Give back the entries that follow exactly as written. Any picture gets left out.

Data entries:
=== Begin Enclosure ===

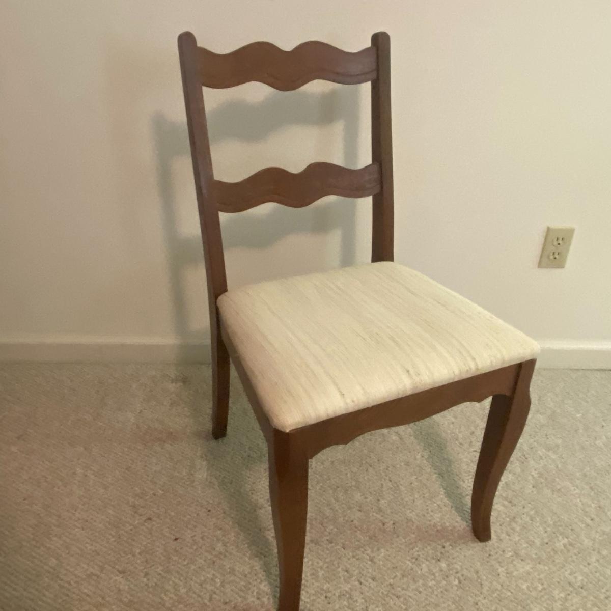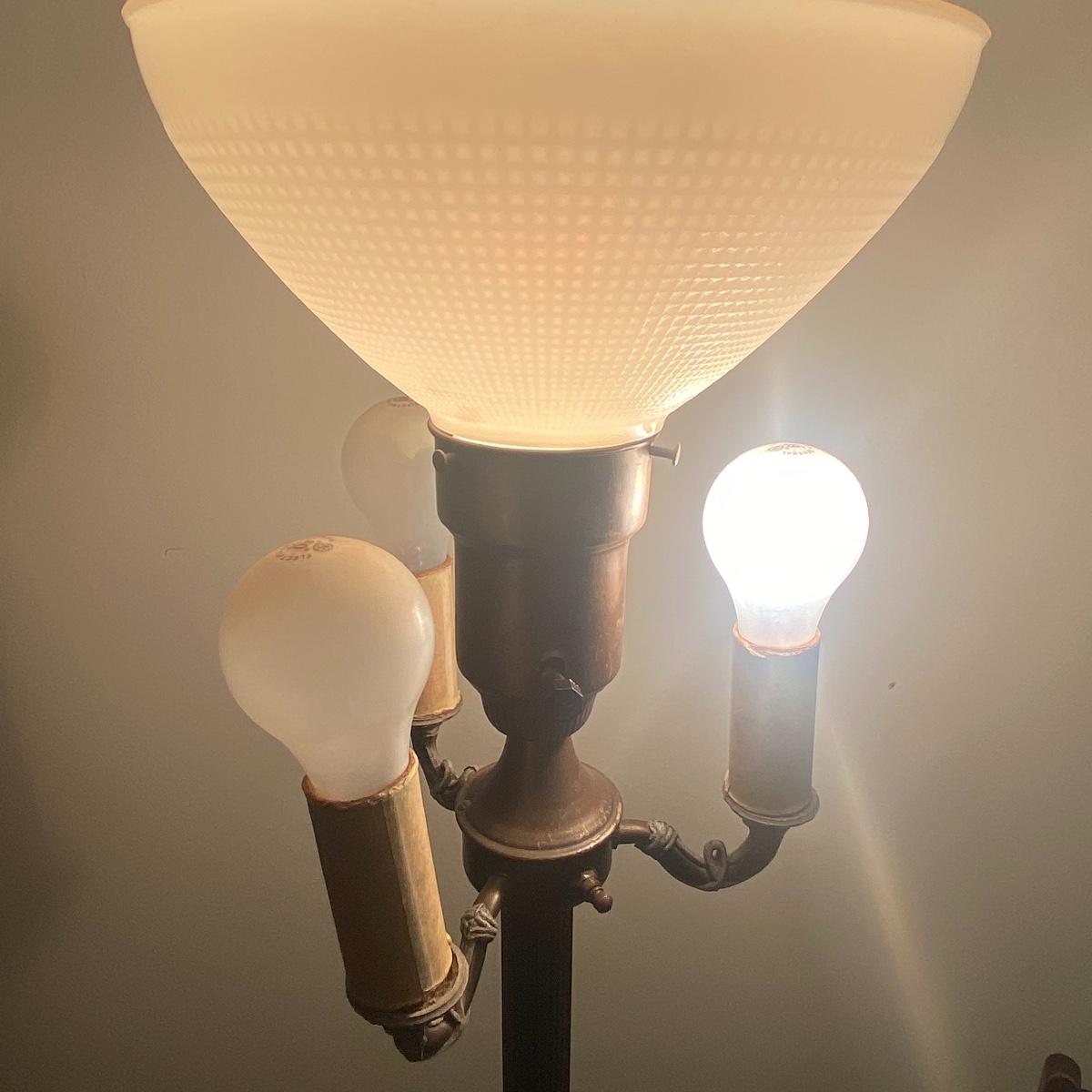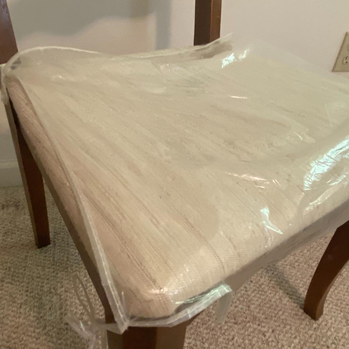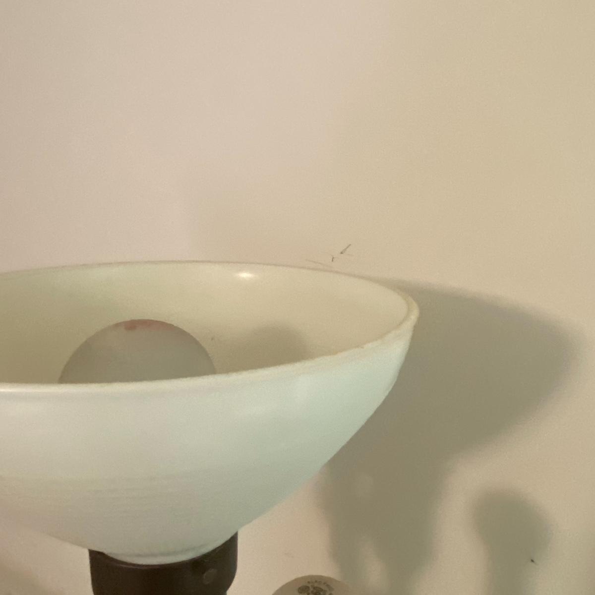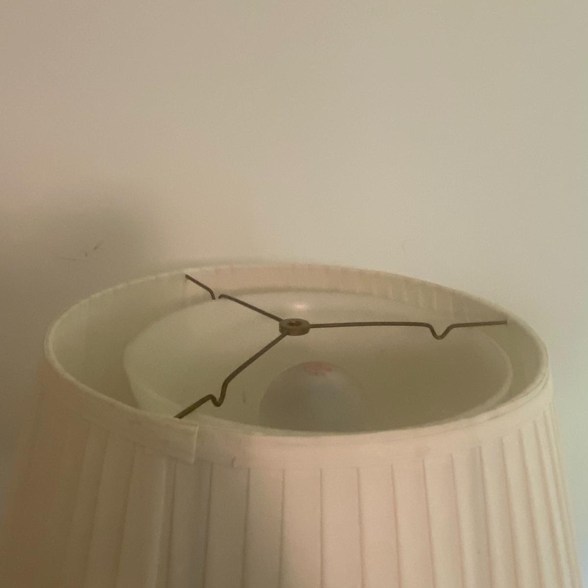 This lot includes a unique floor lamp with different lighting settings for any preference! Lamp includes large white shade. See photos. Lamp stands 61.5” tall. Two dining chairs match with cute curved wooden designs. Matching seat padding as well, one chair includes plastic seat cover. See photos. Measurements for the chairs are 18”x16”x17”. Including the back, chairs stand 32.5” tall. Local pickup only.
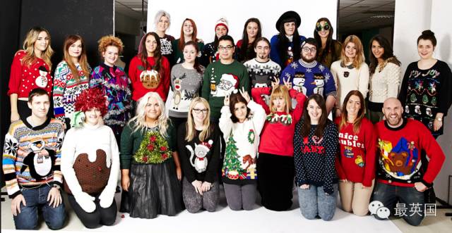在英国,每一年的圣诞前都会有Christmas Jumpers Day,简单来说就是,在这天大部分人都会穿上各种图案的圣诞毛衣,而且是挺傻的那种毛衣。。。
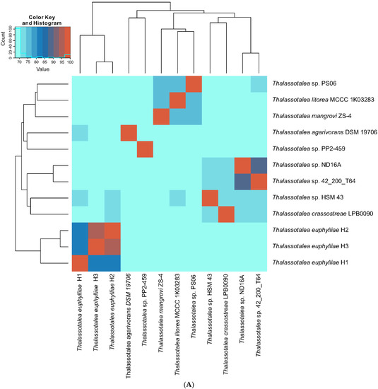 According to information available on the EzBioCloud server, strain PS06 was most closely related to Thalassotalea litorea HMF4135 (98.3% 16S rRNA gene sequence similarity), Thalassotalea ponticola GJSW-36 (95.9%), Thalassotalea agarivorans TMA1 (95.4%), and Thalassotalea fusca G-MB1 (94.9%). In addition, the phylogenetic tree based on 16S rRNA gene sequences showed that T. litorea, T. ponticola, T. crassostreae, and strain PS06 formed a cluster that was well separated from other strains in the genus Thalassotalea, and these strains were isolated from South Korea [3,12,49]. Based on the phylogenomic tree (Figure 1), strain PS06 clustered with T. litorea and Thalassotalea mangrovi [4], and three genomes (T. euphylliae H1, H2, and H3) isolated from corals in Hawaii, USA, formed a single cluster [10,11,14]. This result indicated that some species of the genus Thalassotalea might have more genomic relatedness than sequence similarity in their 16S rRNA genes and occupy the same ecological riches based on evolutionary relationships [50,51].
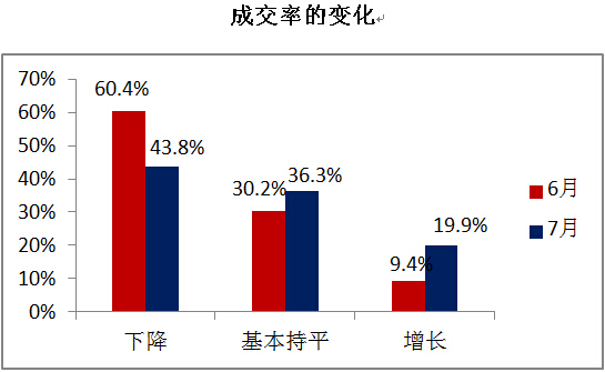 7月份,認(rèn)為成交率下降比例由上月的60.4%降至43.8%,認(rèn)為增長(zhǎng)的比例由9.4%升至19.9%,認(rèn)為基本持平的比例由30.2%升至36.3%。相比6月份來說,4S店內(nèi)成交率上升,主要因?yàn)槭袌?chǎng)需求增加,4S店集客量增加。
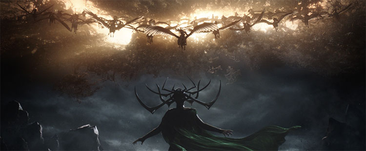[6] I had the opportunity to work on a Marvel production titled “Thor Ragnarok”, directed by Taika Waititi (2017). When I was hired, they told me that almost 100% of the shots would be filmed with chroma screens. And that’s how it was. Chromas are green or blue screens, with a specific shine and texture, used to separate the characters, who are in the foreground, from non-existent backgrounds or sets, which are typically created by computer. My lighting work focused on the main actors placed in a space surrounded by chromas that, in the final image, turned into large cities, endless hallways, vast areas where aircraft were parked, etc. During filming, however, the real elements in front of the camera were minimal. A couple of columns, a piece of the floor, a throne… The rest was virtual. While shooting, I always wondered what the image hidden behind the chroma would look like. I needed a reference. The production designer’s team provided me with wonderful descriptive drawings to give me an idea. Based on these, I was encouraged to design the lighting and contrast in the space where the actors were, trusting that the visual effects supervisor would maintain the continuity of my lighting in the space created behind the chromas.
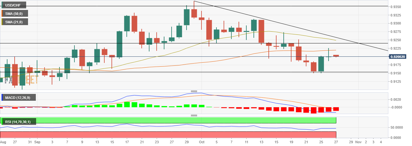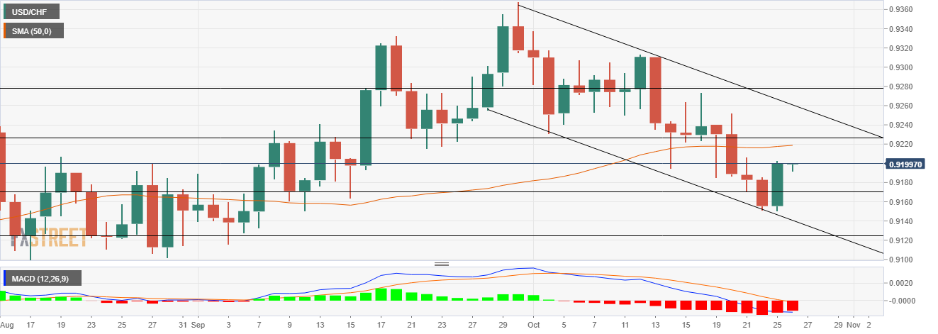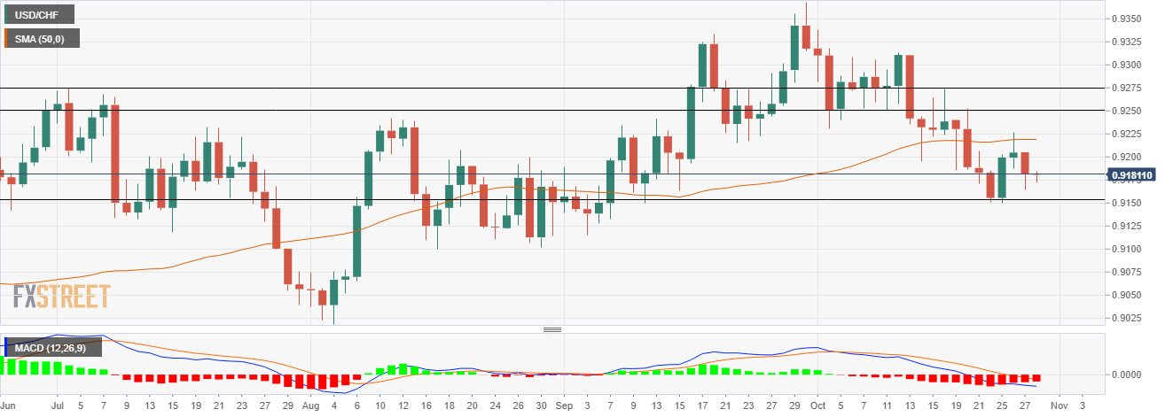 美元兑瑞郎在周二亚洲交易时间盘整了涨幅。该货币对在美国市场强劲上涨逾40点后,仍停留在一个相对狭窄的交易区间。截止目前,美元兑瑞郎的交易价为0.9199,日内上涨0.01%。 美元/瑞郎日线图 在日线图上,在9月30日测试了5个月高点0.9368之后,该货币对一直处于下行压力之下。较低的高点和较低的趋势可以在向下趋势
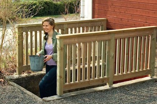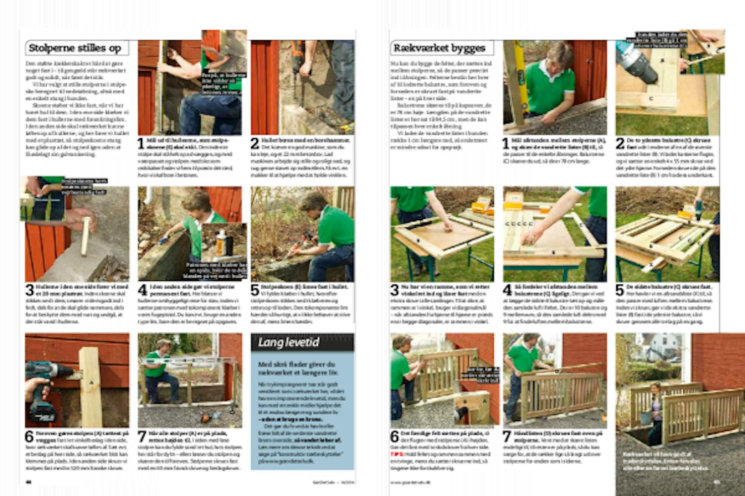 Håndlisten (D) skrues fast oven på stolperne. Vent med at skære listen endeligt til, til resten er på plads, så du kan sørge for, at de rækker lige så langt ud over stolperne for enden som i siderne.
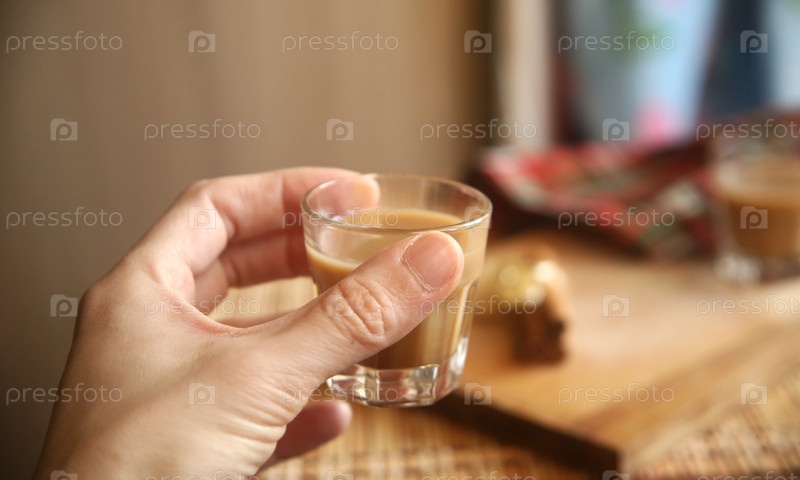 Алкогольный напиток ликер в руке человека. Крупный план. Напитки и кулинария

=== End Enclosure ===

- _TASK RESULT_
 This lot includes a unique floor lamp with different lighting settings for any preference! Lamp includes large white shade. See photos. Lamp stands 61.5” tall. Two dining chairs match with cute curved wooden designs. Matching seat padding as well, one chair includes plastic seat cover. See photos. Measurements for the chairs are 18”x16”x17”. Including the back, chairs stand 32.5” tall. Local pickup only.
在英国,每一年的圣诞前都会有Christmas Jumpers Day,简单来说就是,在这天大部分人都会穿上各种图案的圣诞毛衣,而且是挺傻的那种毛衣。。。
 According to information available on the EzBioCloud server, strain PS06 was most closely related to Thalassotalea litorea HMF4135 (98.3% 16S rRNA gene sequence similarity), Thalassotalea ponticola GJSW-36 (95.9%), Thalassotalea agarivorans TMA1 (95.4%), and Thalassotalea fusca G-MB1 (94.9%). In addition, the phylogenetic tree based on 16S rRNA gene sequences showed that T. litorea, T. ponticola, T. crassostreae, and strain PS06 formed a cluster that was well separated from other strains in the genus Thalassotalea, and these strains were isolated from South Korea [3,12,49]. Based on the phylogenomic tree (Figure 1), strain PS06 clustered with T. litorea and Thalassotalea mangrovi [4], and three genomes (T. euphylliae H1, H2, and H3) isolated from corals in Hawaii, USA, formed a single cluster [10,11,14]. This result indicated that some species of the genus Thalassotalea might have more genomic relatedness than sequence similarity in their 16S rRNA genes and occupy the same ecological riches based on evolutionary relationships [50,51].
 7月份,認(rèn)為成交率下降比例由上月的60.4%降至43.8%,認(rèn)為增長(zhǎng)的比例由9.4%升至19.9%,認(rèn)為基本持平的比例由30.2%升至36.3%。相比6月份來說,4S店內(nèi)成交率上升,主要因?yàn)槭袌?chǎng)需求增加,4S店集客量增加。
[6] I had the opportunity to work on a Marvel production titled “Thor Ragnarok”, directed by Taika Waititi (2017). When I was hired, they told me that almost 100% of the shots would be filmed with chroma screens. And that’s how it was. Chromas are green or blue screens, with a specific shine and texture, used to separate the characters, who are in the foreground, from non-existent backgrounds or sets, which are typically created by computer. My lighting work focused on the main actors placed in a space surrounded by chromas that, in the final image, turned into large cities, endless hallways, vast areas where aircraft were parked, etc. During filming, however, the real elements in front of the camera were minimal. A couple of columns, a piece of the floor, a throne… The rest was virtual. While shooting, I always wondered what the image hidden behind the chroma would look like. I needed a reference. The production designer’s team provided me with wonderful descriptive drawings to give me an idea. Based on these, I was encouraged to design the lighting and contrast in the space where the actors were, trusting that the visual effects supervisor would maintain the continuity of my lighting in the space created behind the chromas.
 美元兑瑞郎在周二亚洲交易时间盘整了涨幅。该货币对在美国市场强劲上涨逾40点后,仍停留在一个相对狭窄的交易区间。截止目前,美元兑瑞郎的交易价为0.9199,日内上涨0.01%。 美元/瑞郎日线图 在日线图上,在9月30日测试了5个月高点0.9368之后,该货币对一直处于下行压力之下。较低的高点和较低的趋势可以在向下趋势
 Håndlisten (D) skrues fast oven på stolperne. Vent med at skære listen endeligt til, til resten er på plads, så du kan sørge for, at de rækker lige så langt ud over stolperne for enden som i siderne.
 Алкогольный напиток ликер в руке человека. Крупный план. Напитки и кулинария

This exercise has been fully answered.